--- Data for the task Enclosed Below ---

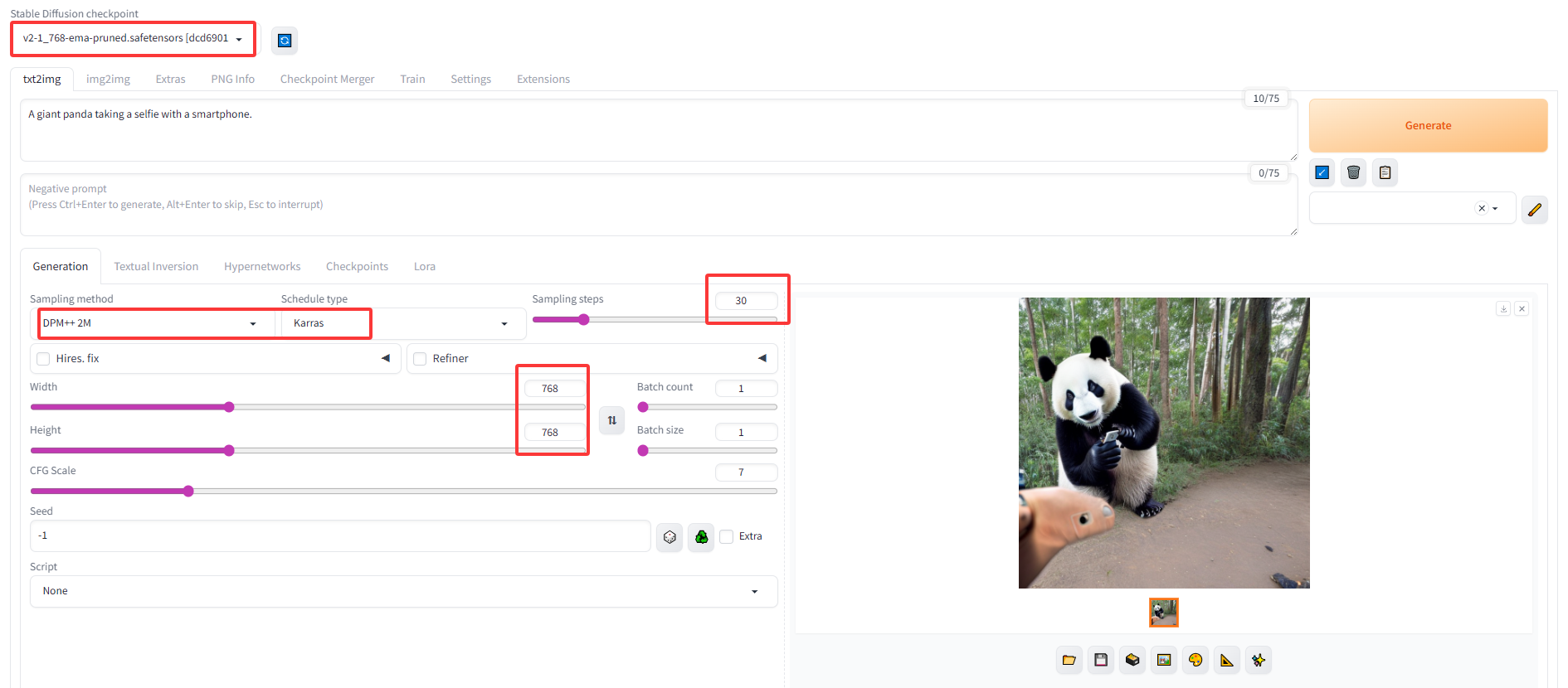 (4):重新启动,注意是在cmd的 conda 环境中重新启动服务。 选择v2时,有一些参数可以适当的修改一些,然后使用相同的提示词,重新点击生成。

--- End of Enclosed Data for the task ---
--- Data for the task Enclosed Below ---

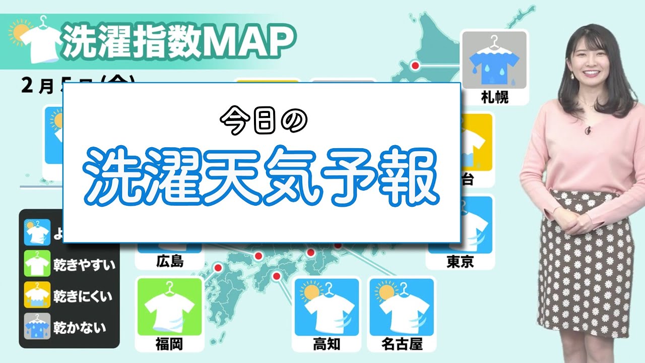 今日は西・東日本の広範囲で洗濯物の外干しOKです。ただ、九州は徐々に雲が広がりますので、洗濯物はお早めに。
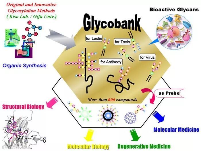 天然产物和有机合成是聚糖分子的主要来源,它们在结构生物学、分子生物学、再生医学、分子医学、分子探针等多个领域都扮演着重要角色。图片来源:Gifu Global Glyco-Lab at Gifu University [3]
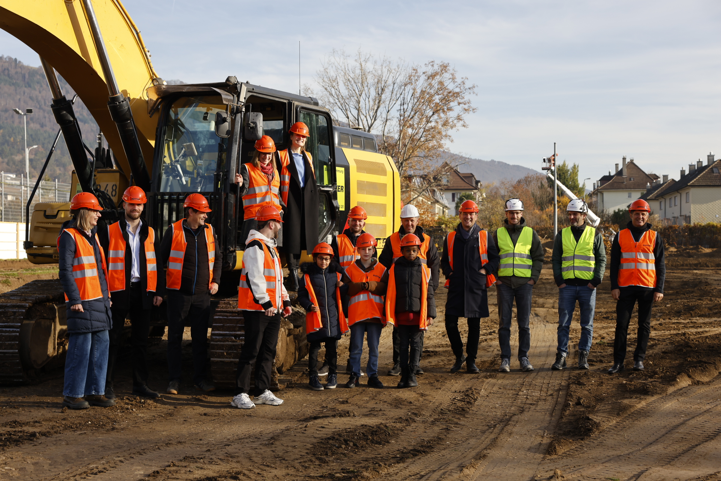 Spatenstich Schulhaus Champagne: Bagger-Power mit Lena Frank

--- End of Enclosed Data for the task ---
--- Data for the task Enclosed Below ---

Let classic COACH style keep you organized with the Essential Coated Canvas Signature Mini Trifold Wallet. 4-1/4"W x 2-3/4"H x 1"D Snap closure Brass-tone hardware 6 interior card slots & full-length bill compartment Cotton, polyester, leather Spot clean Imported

--- End of Enclosed Data for the task ---

Once the line with "今日は西・東日本の広範囲で洗" has been found above, output that line and every later line exactly, stopping after the line with "Spatenstich Schulhaus Champagne: Bagger-Power", and omit the pictures.

 今日は西・東日本の広範囲で洗濯物の外干しOKです。ただ、九州は徐々に雲が広がりますので、洗濯物はお早めに。
 天然产物和有机合成是聚糖分子的主要来源,它们在结构生物学、分子生物学、再生医学、分子医学、分子探针等多个领域都扮演着重要角色。图片来源:Gifu Global Glyco-Lab at Gifu University [3]
 Spatenstich Schulhaus Champagne: Bagger-Power mit Lena Frank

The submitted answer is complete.